# Given data
§ §

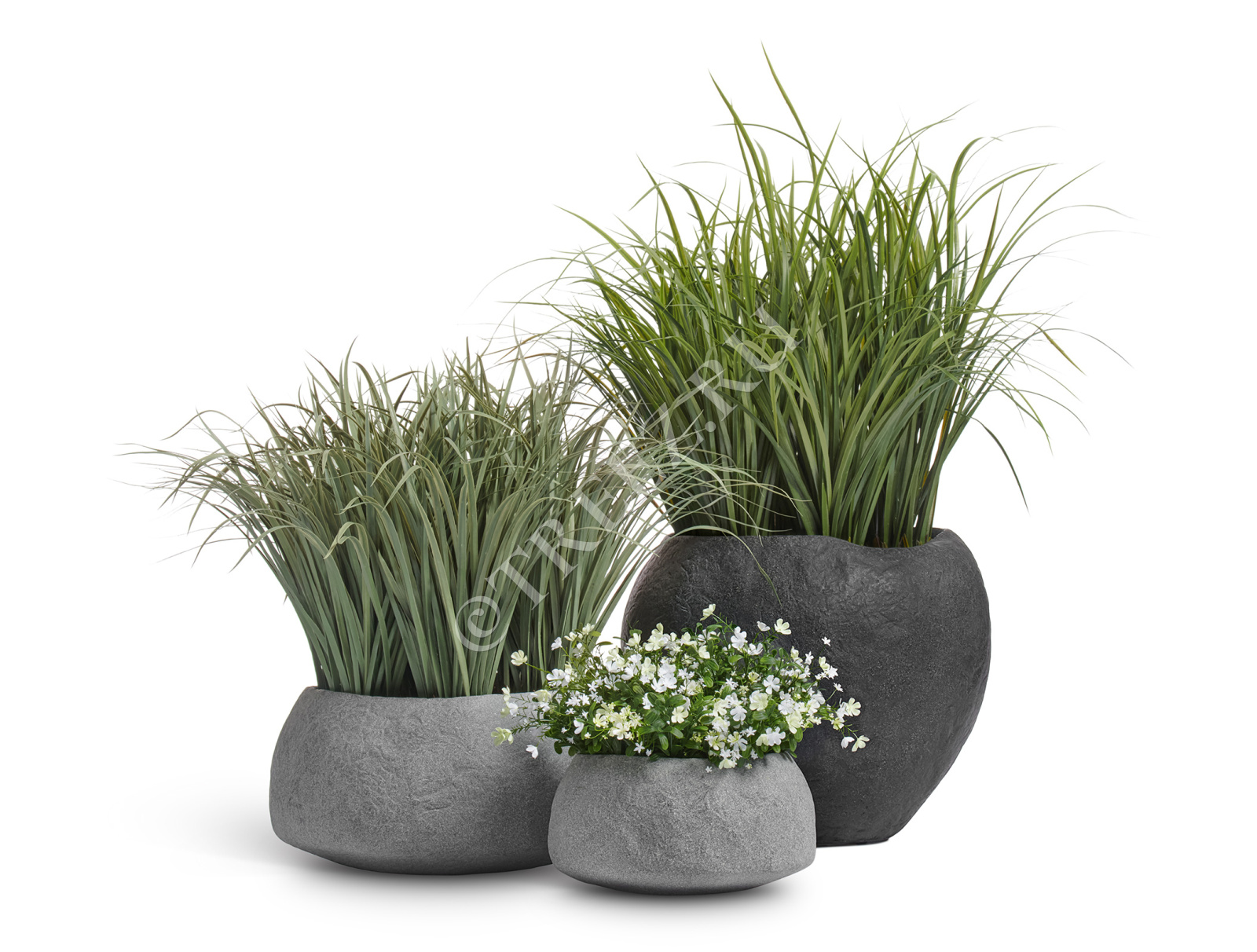 Кашпо TREEZ Effectory - Organic - Низкая чаша - Тёмно-серый камень
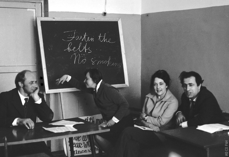 Слева направо: Смолин Р.П., Садовская Г.М., Александрова И.П., Фиш А.М, сотрудники Института физики им. Л.В. Киренского Сибирского отделения Академии наук СССР (ИФ СО АН СССР), на занятиях в группе по ускоренному изучению английского языка (кафедра иностранных языков), фото 1976 года. Красноярск.
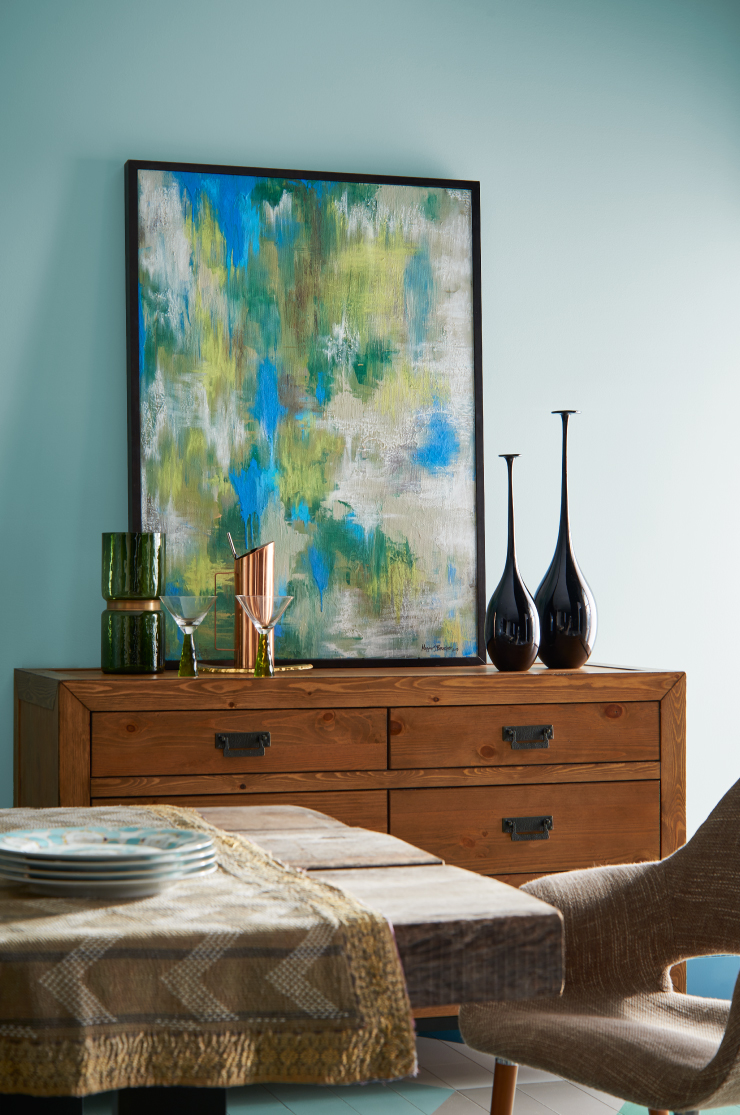 Give a dining room a fresh new outlook by coating the walls in Peek a Blue. Like a pale blue sky, this color serves as an excellent backdrop to highlight the beauty emanating from other colors in the room. A gold chandelier really stands out in the space, coupled with golden table accents and fabrics. Peek a Blue is also the perfect pairing for a painted floor inspired by blue, green and white mid-century linoleum tile. Retro never looked so modern and fresh.
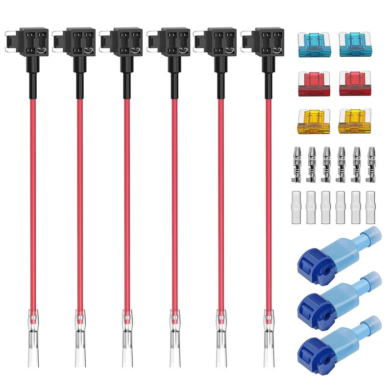 GUUZI Pack of 6 Low Profile Add-A-Circuit Fuse Adapters with Wiring Harness, ...

§ §

# What you are asked to do
Reproduce the material above in full, exactly, with no images.

# Answer space
 Кашпо TREEZ Effectory - Organic - Низкая чаша - Тёмно-серый камень
 Слева направо: Смолин Р.П., Садовская Г.М., Александрова И.П., Фиш А.М, сотрудники Института физики им. Л.В. Киренского Сибирского отделения Академии наук СССР (ИФ СО АН СССР), на занятиях в группе по ускоренному изучению английского языка (кафедра иностранных языков), фото 1976 года. Красноярск.
 Give a dining room a fresh new outlook by coating the walls in Peek a Blue. Like a pale blue sky, this color serves as an excellent backdrop to highlight the beauty emanating from other colors in the room. A gold chandelier really stands out in the space, coupled with golden table accents and fabrics. Peek a Blue is also the perfect pairing for a painted floor inspired by blue, green and white mid-century linoleum tile. Retro never looked so modern and fresh.
 GUUZI Pack of 6 Low Profile Add-A-Circuit Fuse Adapters with Wiring Harness, ...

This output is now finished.